If a file is modified before the archive request closes, the original entry in the archive request for that file will be removed, and the process of archiving will begin again with the countdown to the archive age.

 

Scans

 

During normal operations, the sam-arfind daemon performs partial directory scans. In a partial directory scan directories containing modified files – and only those directories - are scanned for files requiring archiving. If the daemon is stopped and restarted, it has no information about the file system and no idea where modified files might be located. In that case it must perform a full directory scan.  In a full directory scan, every directory in the file system is scanned from the mount point down. It identifies the inode number of each file or directory in the file system from the contents of directory data blocks, locates the inode in the .inodes file, and determines if the file requires archiving. Any time a file system is mounted, or the archiving daemons receive a HUP signal, an archiver run with a full directory scan is performed. Directory scans of extremely large file systems may take a very long time to complete. It is therefore important to avoid restarts of the archiving daemons and file system unmounts for large file systems, as all these actions will trigger a full directory scan. For this reason you should not “HUP” the SAM daemons, and you should avoid unmounting SAM-QFS file systems unless it is absolutely necessary.

 

Unarchiving

 

Online disk archives are used to provide immediate backup of files, prior to archiving to removable media, and to provide quick staging of files. Once you have one or more copies of a file on removable media, you can dispose of its online disk archive copy by unarchiving it. When an archive copy of a file is unarchived, that archive copy is marked unarchived in its inode and the file system releases its control of that archive copy. The file system then no longer recognizes the existence of that archive copy. The space used by the archive copy in the online disk archive can then be reclaimed through the process of disk recycling, discussed later. 

 

Unarchiving is set on individual archive set copies. In the archiver.cmd file, each archive set copy declaration will normally be followed by an archive age. A second time value, the unarchive age, may then follow the archive age, and will indicate the length of time the archive copy should be maintained after the original file (not the tar file containing the archive copy) is last accessed (Scripts employing the “unarchive” command may not be substituted for configured unarchiving, as the command does not work the same way).  Once the original file has not been accessed for the duration of the unarchive age, the inode is modified and the archive set copy value replaced with a notation of the unarchiving action, so that the archive copy will not be remade. The archdone flag is removed. If the file is modified thereafter, the unarchived copy will be remade and the process of counting the length of time to unarchiving will begin again.  Unarchiving does not reclaim disk space – only recycling does that. Unarchiving must therefore be combined with regular recycling of the online disk.

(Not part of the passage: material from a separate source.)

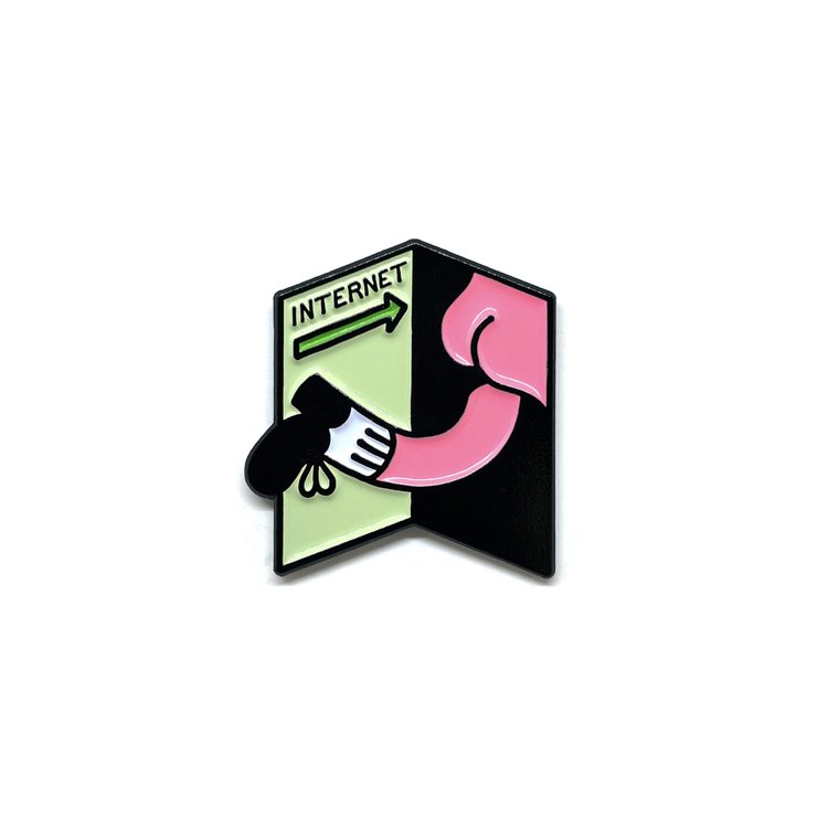 \nExit Pin neuf en émail, finition noire, produit par Internet Pin Company et créé en collaboration avec l’illustrateur français Simon Landrein.
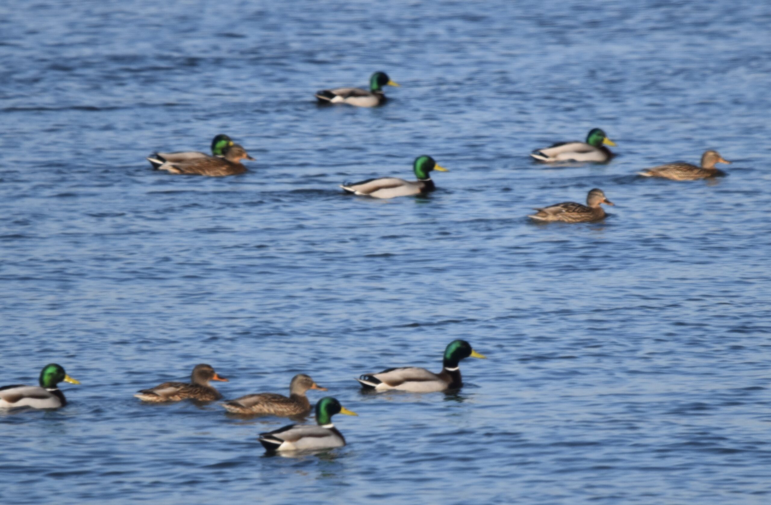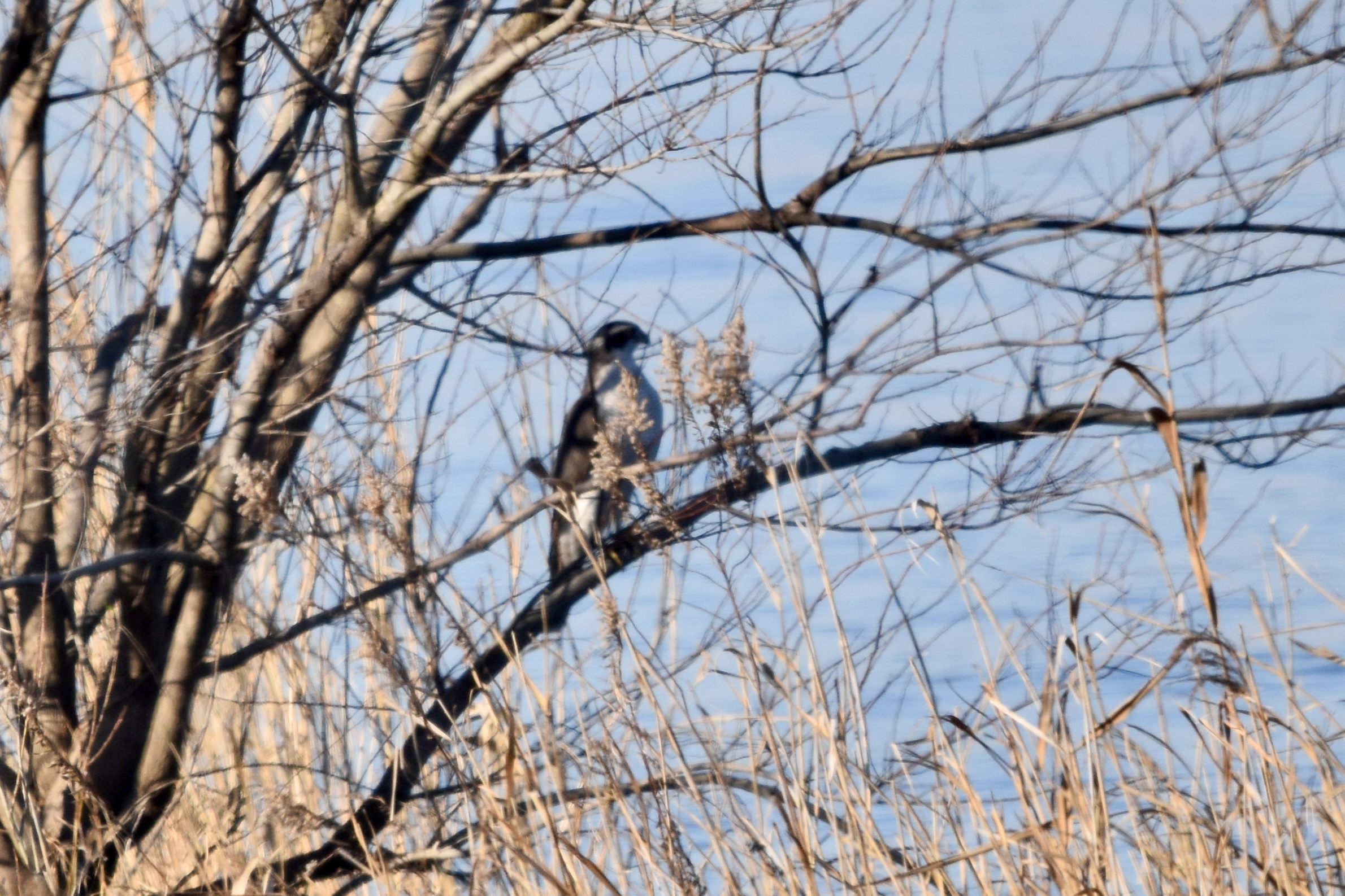 一方、霞ヶ浦の湖面には、カモがわんさか浮かんでいる。これはもう数が多過ぎて全部はちゃんと見ていられないほど。マガモやオナガガモが多い。これはマガモ。カモの仲間は越冬地でオスがメスにアピールしてカップルを作るので、オスは冬になると繁殖羽になって美しい。ちなみにこういうカモは実は多くが夜行性で、夜、農地に飛んできて落穂などを食べていて、昼間は基本、湖面で浮いて休んでいる。だから観察していても、ウミアイサみたいに面白くない。でも車を走らせていたら、一群が湖岸から、スーッと大急ぎで沖に離れて行くのを発見。思い当たることがあって近くに行ってみるとやはりいた。カモを狙うオオタカが湖岸の木に来て隙を窺っていた。

An unarchived archive copy will not be remade if the “archive” command is issued or for any other reason than that the file is modified.

 

Drive Performance - Performance Issue Summary

 

If there are too many files or too many archive sets for the number of drives, backlogs in archiving can slow down archiving significantly.  If you have backlogs (use showqueue

-v to view them) you must increase the number of drives, decrease the number of archive copies you make to removable media, or improve the efficiency of your archiving. Otherwise, you are not adequately backing up your files, and your entire system will slow down. You can improve the efficiency of your archiving by:

1) Increasing archive ages of archive copies sent to removable media

2) Increasing archive intervals (or using -startcount or -startsize to increase the size of archive requests)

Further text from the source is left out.